▶ **Work instruction**: I'd like the entries reproduced exactly, with all pictures omitted.

(Records drawn from a dataset)
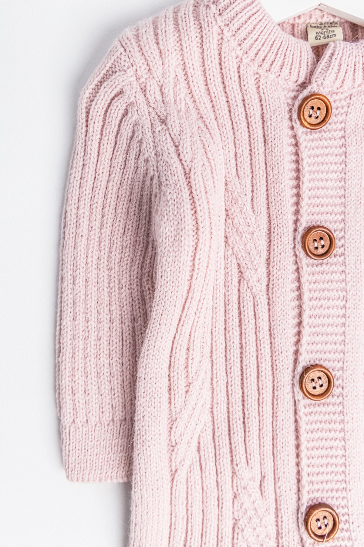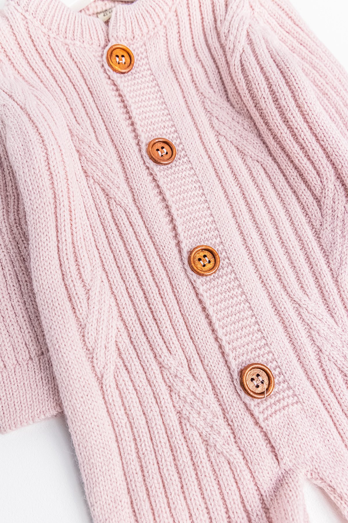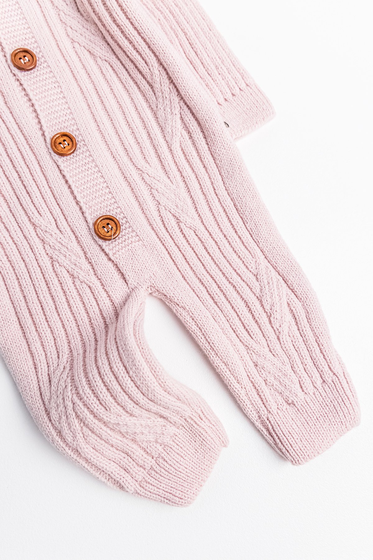 - The baby romper has a soft textured knitwear structure.
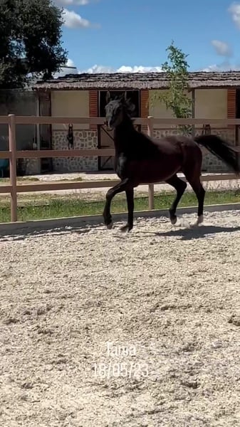 Descripción: En venta espectacular potra KWPN nacida en 2023, con un pedigree excepcional diseñado para el más alto nivel de Doma Clásica. Tiana combina elegancia, tres aires de gran calidad y un carácter inmejorable. Línea Genética: Su árbol genealógico reúne a los sementales más influyentes de la cría moderna: Padre: Imagine (hijo del gran Chippendale). Madre: Garushi, por el legendario Vivaldi, semental que ha revolucionado la doma europea. En su línea materna y paterna encontramos nombres como Jazz, Sandro Hit y Krack C, garantizando una base sólida de movimientos elásticos, fuerza en el tercio posterior y una presencia imponente en pista. Características: Alzada actual: 165 cm (con gran proyección de crecimiento). Movimientos: Destaca por un galope muy equilibrado y un trote con mucha suspensión y libertad de espaldas. Carácter: Es una potra noble, acostumbrada al contacto humano y con gran facilidad para el aprendizaje. Potencial: Debido a su morfología y genética, es una apuesta segura tanto para jinetes profesionales que busquen un caballo de futuro para Gran Premio, como para ganaderos que deseen incorporar líneas de sangre contrastadas a su yeguada.
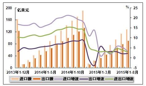图 12 2013年12月-2015年8月医药品进出口额及其增速走势
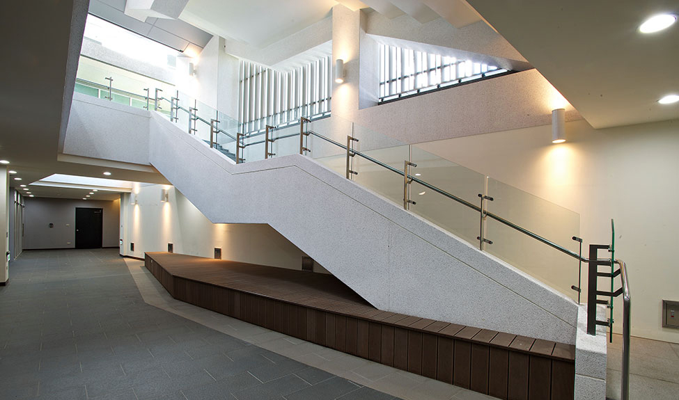 F、G棟學生宿舍採整體規劃,分期開發方式,其中二期的G棟學生宿舍為包含中央公共服務空間的L型量體,與一期F棟宿舍整體圍塑出內聚的合院與多功能戶外廣場。量體上F、G兩棟宿舍為地下一層至地上十層,主要提供雙人之住宿單元;中央公共服務空間則為地下一層至地上三層,除了便利商店,還有學生社團與多功能教室、屋頂花園等服務空間。
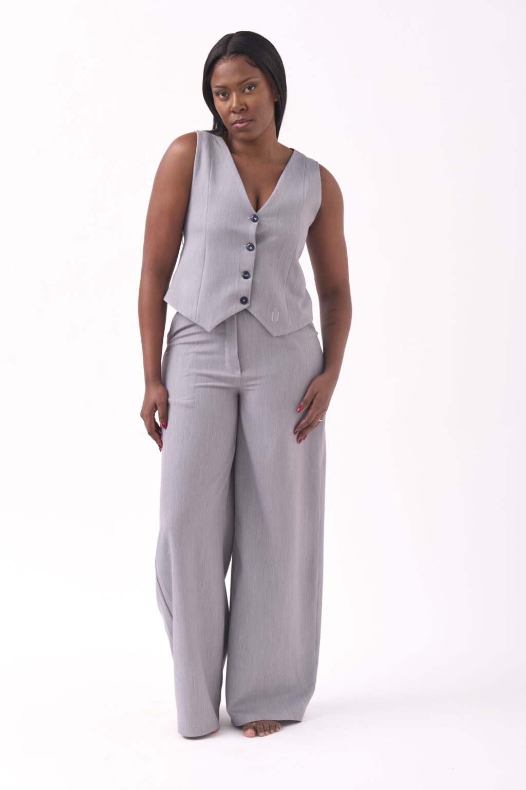 • Gilet ajusté sans manches et pantalon large

▶ **Task answer**:
 - The baby romper has a soft textured knitwear structure.
 Descripción: En venta espectacular potra KWPN nacida en 2023, con un pedigree excepcional diseñado para el más alto nivel de Doma Clásica. Tiana combina elegancia, tres aires de gran calidad y un carácter inmejorable. Línea Genética: Su árbol genealógico reúne a los sementales más influyentes de la cría moderna: Padre: Imagine (hijo del gran Chippendale). Madre: Garushi, por el legendario Vivaldi, semental que ha revolucionado la doma europea. En su línea materna y paterna encontramos nombres como Jazz, Sandro Hit y Krack C, garantizando una base sólida de movimientos elásticos, fuerza en el tercio posterior y una presencia imponente en pista. Características: Alzada actual: 165 cm (con gran proyección de crecimiento). Movimientos: Destaca por un galope muy equilibrado y un trote con mucha suspensión y libertad de espaldas. Carácter: Es una potra noble, acostumbrada al contacto humano y con gran facilidad para el aprendizaje. Potencial: Debido a su morfología y genética, es una apuesta segura tanto para jinetes profesionales que busquen un caballo de futuro para Gran Premio, como para ganaderos que deseen incorporar líneas de sangre contrastadas a su yeguada.
图 12 2013年12月-2015年8月医药品进出口额及其增速走势
 F、G棟學生宿舍採整體規劃,分期開發方式,其中二期的G棟學生宿舍為包含中央公共服務空間的L型量體,與一期F棟宿舍整體圍塑出內聚的合院與多功能戶外廣場。量體上F、G兩棟宿舍為地下一層至地上十層,主要提供雙人之住宿單元;中央公共服務空間則為地下一層至地上三層,除了便利商店,還有學生社團與多功能教室、屋頂花園等服務空間。
 • Gilet ajusté sans manches et pantalon large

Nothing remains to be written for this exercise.